Let $T: X \to X$ be a $\mu$-preserving transformation.
Let $\AA \subseteq \BB$ be a finite sub-$\sigma$-algebra.
Then the entropy of $T$ with respect to $\AA$:
- $\ds \map h {T, \AA} := \lim_{n \mathop \to \infty} \frac 1 n \map H {\bigvee_{k \mathop = 0}^{n - 1} T^{-k} \AA}$
is well-defined.
Proof
Let:
- $\ds a_n := \map H {\bigvee_{k \mathop = 0}^{n - 1} T^{-k} \AA}$
We need to show that the limit:
- $\ds \lim_{n \mathop \to \infty} \frac {a_n} n$
exists.
In view of Fekete's Subadditive Lemma, it suffices to show the subadditivity of $\sequence {a_n}$.

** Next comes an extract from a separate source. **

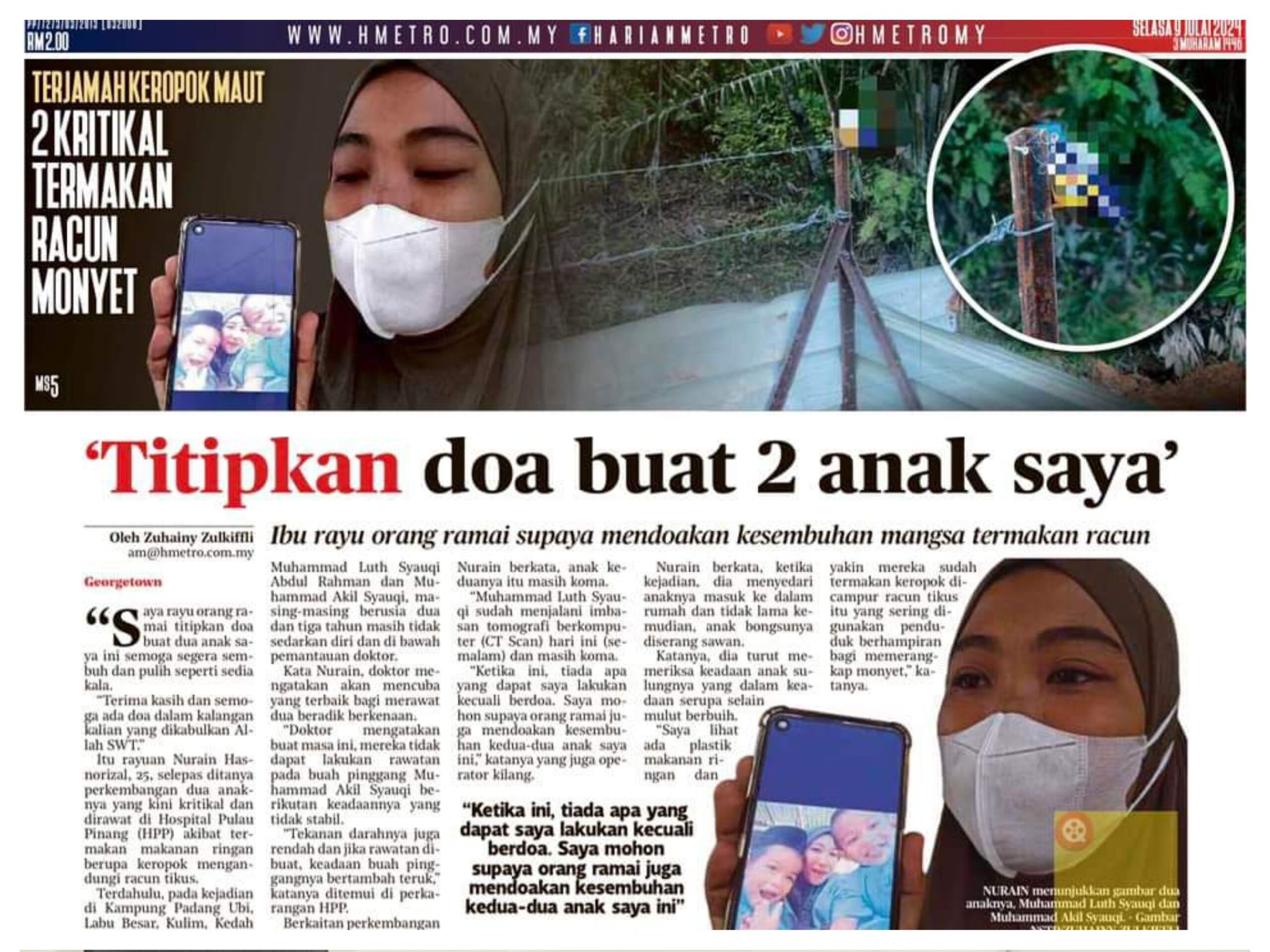 KULIM 10 Julai – Anak sulung kepada dua beradik yang menjadi mangsa keropok beracun meninggal dunia ketika masih dalam rawatan di Hospital Pulau Pinang (HPP) pagi ini. Ketua Polis Daerah Kulim, Superintendan Mohd Azizul Mohd Khairi, berkata Muhammad Akil Syauqi, 3 meninggal dunia pukul 8.30 pagi ini Beliau berkata, adik mangsa yang turut terbabit dalam kejadian itu, Muhammad Luth Syauqi, 2, masih dirawat di hospital sama. Dalam kejadian Ahad lalu, dua beradik lelaki itu kritikal selepas memakan makanan ringan berupa keropok dipercayai mengandungi racun tikus yang dipasang penduduk Kampung Padang…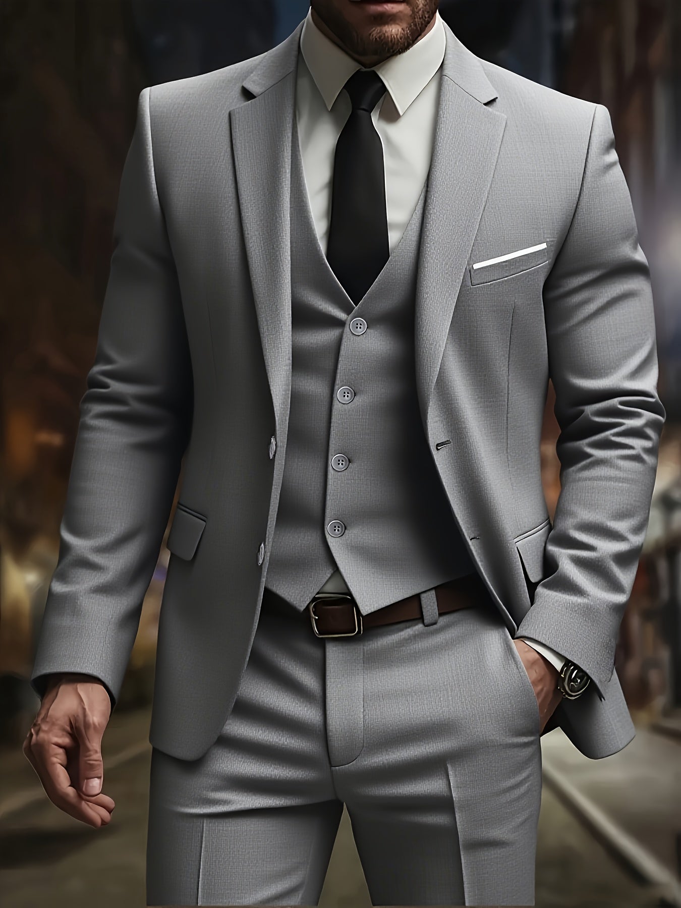 Elevate your professional wardrobe with our Men's 2pcs Suit Set, featuring a chic blazer and tailored trousers designed for optimal comfort and style. Crafted from high-quality polyester, this suit is perfect for work and all-season wear- a must-have for the modern man.

To this end, let $m, n \ge 1$.
Then:
\(\ds a_{m + n}\) | \(=\) | \(\ds \map H {\bigvee_{k \mathop = 0}^{m - 1} T^{-k} \AA \vee \bigvee_{k \mathop = m}^{m + n - 1} T^{-k} \AA }\) | ||||||||||||
\(\ds \) | \(\le\) | \(\ds \map H {\bigvee_{k \mathop = 0}^{m - 1} T^{-k} \AA} + \map H {\bigvee_{k \mathop = m}^{m + n - 1} T^{-k} \AA }\) | Conditional Entropy of Join as Sum/Corollary 5 | |||||||||||
\(\ds \) | \(=\) | \(\ds \map H {\bigvee_{k \mathop = 0}^{m - 1} T^{-k} \AA} + \map H {\bigvee_{k \mathop = 0}^{n - 1} T^{-k} \AA }\) | Entropy of Finite Sub-Sigma-Algebra is Transformation Invariant | |||||||||||
\(\ds \) | \(=\) | \(\ds a_m + a_n\) |
$\blacksquare$